> EXERCISE AIM
Look through the listing below for the line with "Label Inkjet Avery" and the line with "ADA PELBAGAI JENIS". Copy both, along with every line between them, exactly and with no pictures.

> MATERIAL PROVIDED
Content starts

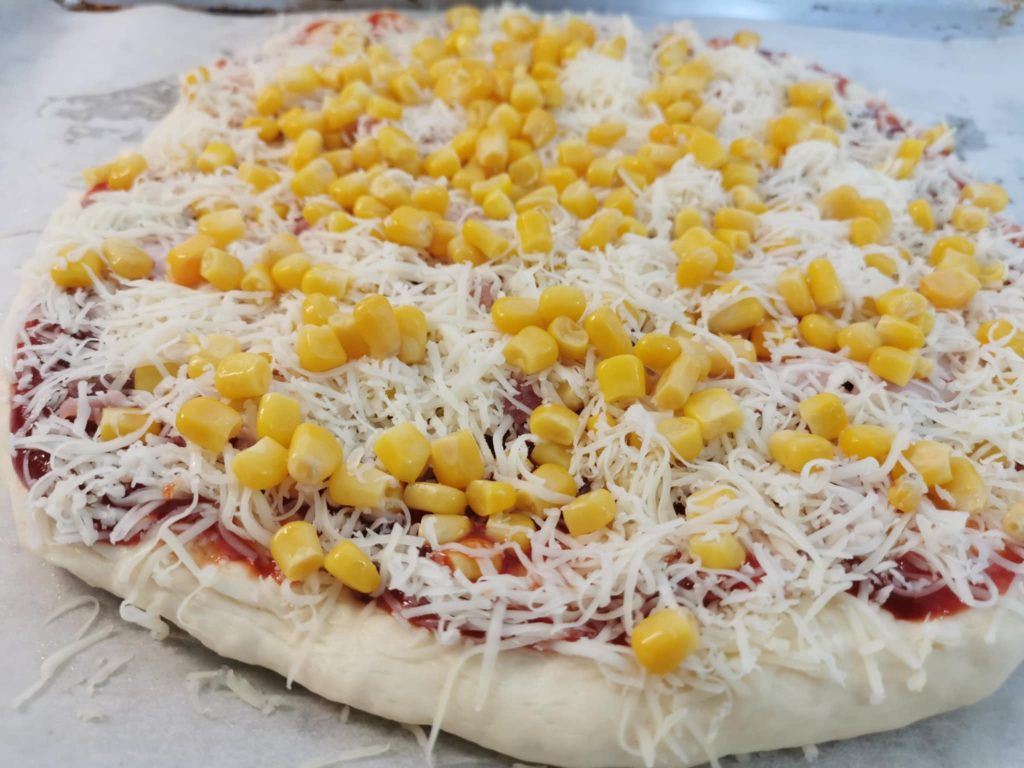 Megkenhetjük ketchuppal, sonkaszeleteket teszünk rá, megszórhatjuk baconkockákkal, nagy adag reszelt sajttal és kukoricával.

Content ends
Content starts

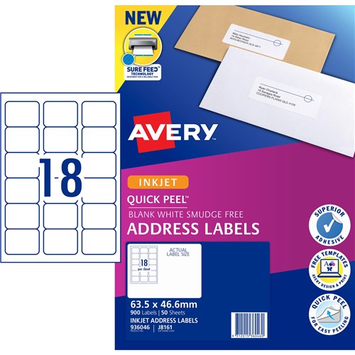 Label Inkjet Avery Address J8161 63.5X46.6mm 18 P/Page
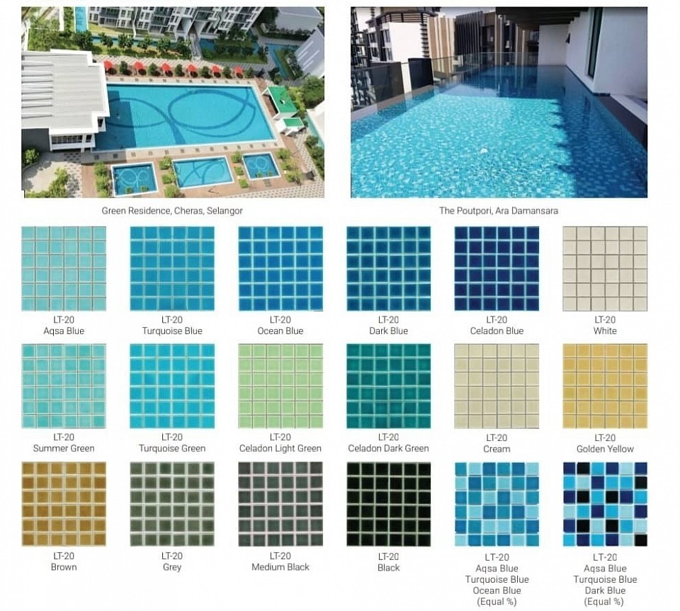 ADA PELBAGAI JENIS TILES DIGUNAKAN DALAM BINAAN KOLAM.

Content ends

> EXERCISE OUTPUT
 Label Inkjet Avery Address J8161 63.5X46.6mm 18 P/Page
 ADA PELBAGAI JENIS TILES DIGUNAKAN DALAM BINAAN KOLAM.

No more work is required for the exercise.